* **Exercise objective**: For the material below, the expected output is exactly the lines between the line holding "Tonner Tyler Wentworth's" and the line holding "1/0 Gauge Premium", inclusive, with pictures left out.

* **Input data**:

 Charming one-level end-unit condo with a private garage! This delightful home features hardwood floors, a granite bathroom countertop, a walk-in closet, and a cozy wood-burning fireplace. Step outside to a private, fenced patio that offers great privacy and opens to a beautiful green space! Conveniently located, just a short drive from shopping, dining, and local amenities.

...

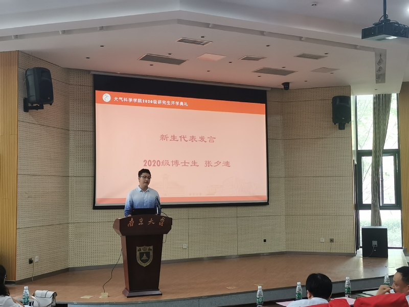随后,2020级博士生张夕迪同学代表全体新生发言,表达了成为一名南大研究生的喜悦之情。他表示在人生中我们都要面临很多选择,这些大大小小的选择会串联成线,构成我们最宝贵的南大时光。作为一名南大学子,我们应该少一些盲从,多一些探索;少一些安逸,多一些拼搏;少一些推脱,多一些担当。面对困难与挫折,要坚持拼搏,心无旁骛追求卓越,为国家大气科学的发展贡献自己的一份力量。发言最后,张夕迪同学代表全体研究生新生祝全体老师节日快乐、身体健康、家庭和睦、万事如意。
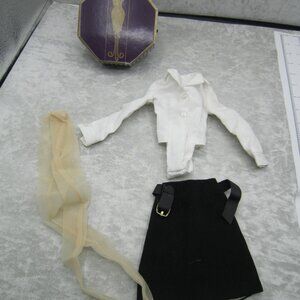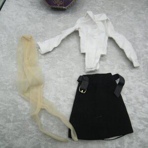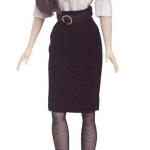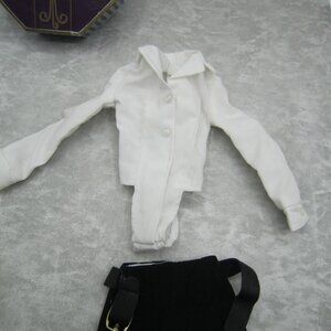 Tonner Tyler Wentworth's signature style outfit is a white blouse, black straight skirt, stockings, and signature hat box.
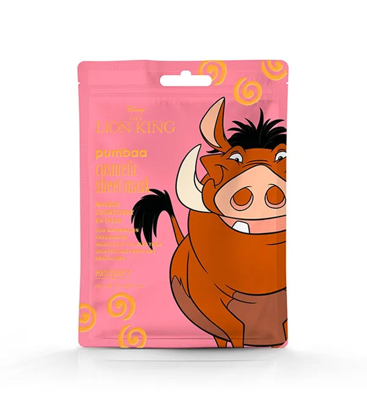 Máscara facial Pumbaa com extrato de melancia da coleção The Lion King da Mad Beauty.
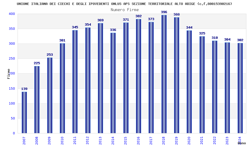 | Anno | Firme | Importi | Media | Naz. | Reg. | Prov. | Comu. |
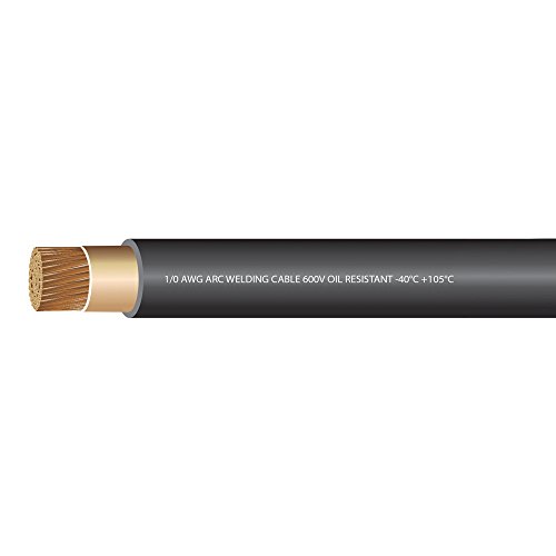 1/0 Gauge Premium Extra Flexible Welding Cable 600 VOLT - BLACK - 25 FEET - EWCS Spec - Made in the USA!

--

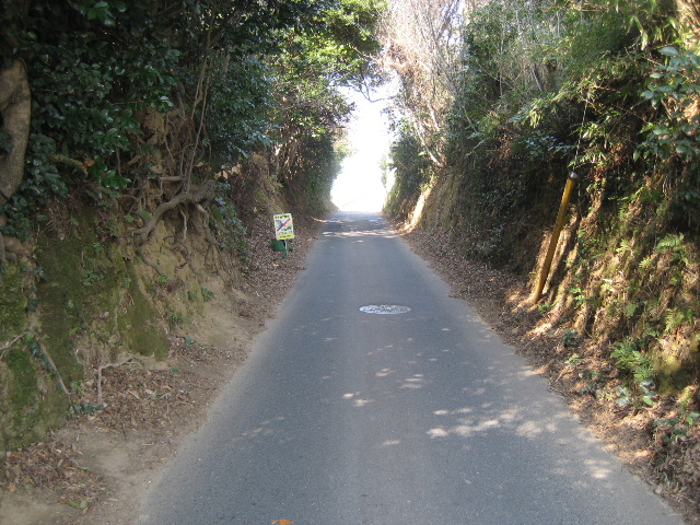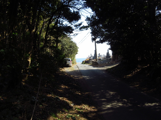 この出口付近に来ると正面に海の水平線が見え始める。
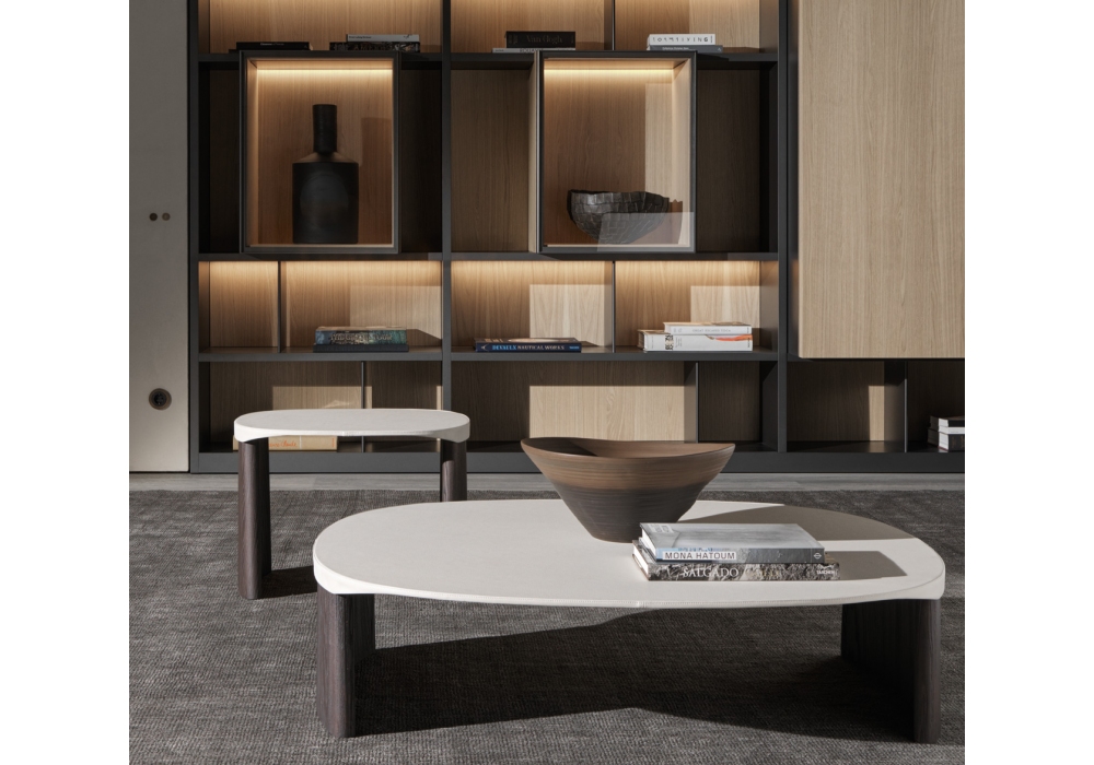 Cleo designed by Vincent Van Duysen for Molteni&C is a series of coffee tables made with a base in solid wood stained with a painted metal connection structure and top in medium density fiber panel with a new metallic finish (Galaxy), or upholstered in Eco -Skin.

* **Exercise result**:
 Tonner Tyler Wentworth's signature style outfit is a white blouse, black straight skirt, stockings, and signature hat box.
 Máscara facial Pumbaa com extrato de melancia da coleção The Lion King da Mad Beauty.
 | Anno | Firme | Importi | Media | Naz. | Reg. | Prov. | Comu. |
 1/0 Gauge Premium Extra Flexible Welding Cable 600 VOLT - BLACK - 25 FEET - EWCS Spec - Made in the USA!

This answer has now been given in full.